Aos 95 anos, dos quais 37 passados no poder, Robert Mugabe morreu em Singapura, onde estava internado desde Abril. Deixa um legado complexo. De líder da luta anticolonial, chegando a ser um exemplo em África, Mugabe tornou-se um déspota, rejeitado até pelos próprios camaradas na fase final da sua vida.

Mas oficialmente a veneração ao “pai” do Zimbabwe foi mantida até ao último momento. O seu sucessor, Emmerson Mnangagwa, definiu Mugabe como “um ícone da libertação, um pan-africanista que dedicou a sua vida à emancipação e ao fortalecimento do seu povo”. E mesmo o líder do Movimento pela Mudança Democrática (MDC), Nelson Chamisa, na linha da frente da oposição ao regime, reconheceu a “contribuição” do antigo Presidente ao país.

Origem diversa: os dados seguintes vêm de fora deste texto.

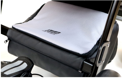
Bolsa bajo asiento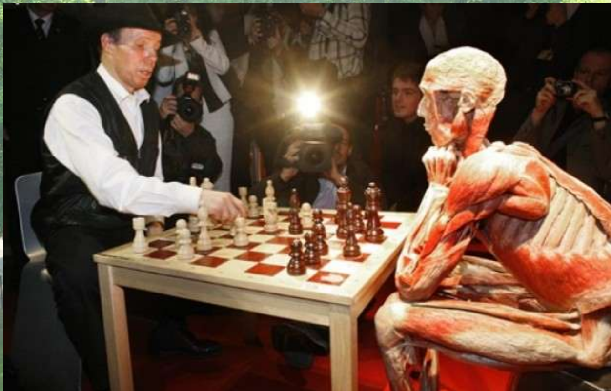
Guben - Plastinarium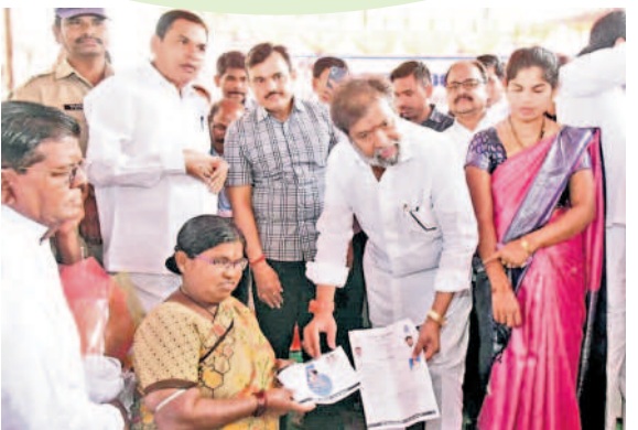
రాయికోడ్ లో మహిళ నుంచి ప్రజాపాలన దరఖాస్తు స్వీకరిస్తున్న మంత్రి దామోదర రాజనర్సింహ

O julgamento não é unânime. George Walden, um dos negociadores britânicos dos Acordos de Lancaster House em 1979 que puseram fim ao regime de minoria branca na então Rodésia, definiu Mugabe como “um verdadeiro monstro”. “Não se deve falar mal dos mortos, excepto quando mataram tanta gente como Mugabe”, afirmou Walden à BBC.

Nas ruas de Harare, a indiferença à notícia da sua morte é dominante, embora poucos consigam recordá-lo por alguma coisa positiva. “Morreu como toda a gente. Deixou-nos nesta confusão e ainda estamos a sofrer”, disse ao The Guardian o professor Nomarn Makoto.

A melhor síntese talvez seja feita pelo diário sul-africano Mail and Guardian que descreve Mugabe como “um enigma, uma mistura de contradições que de certa forma lhe dava vigor em vez de o derrubar”.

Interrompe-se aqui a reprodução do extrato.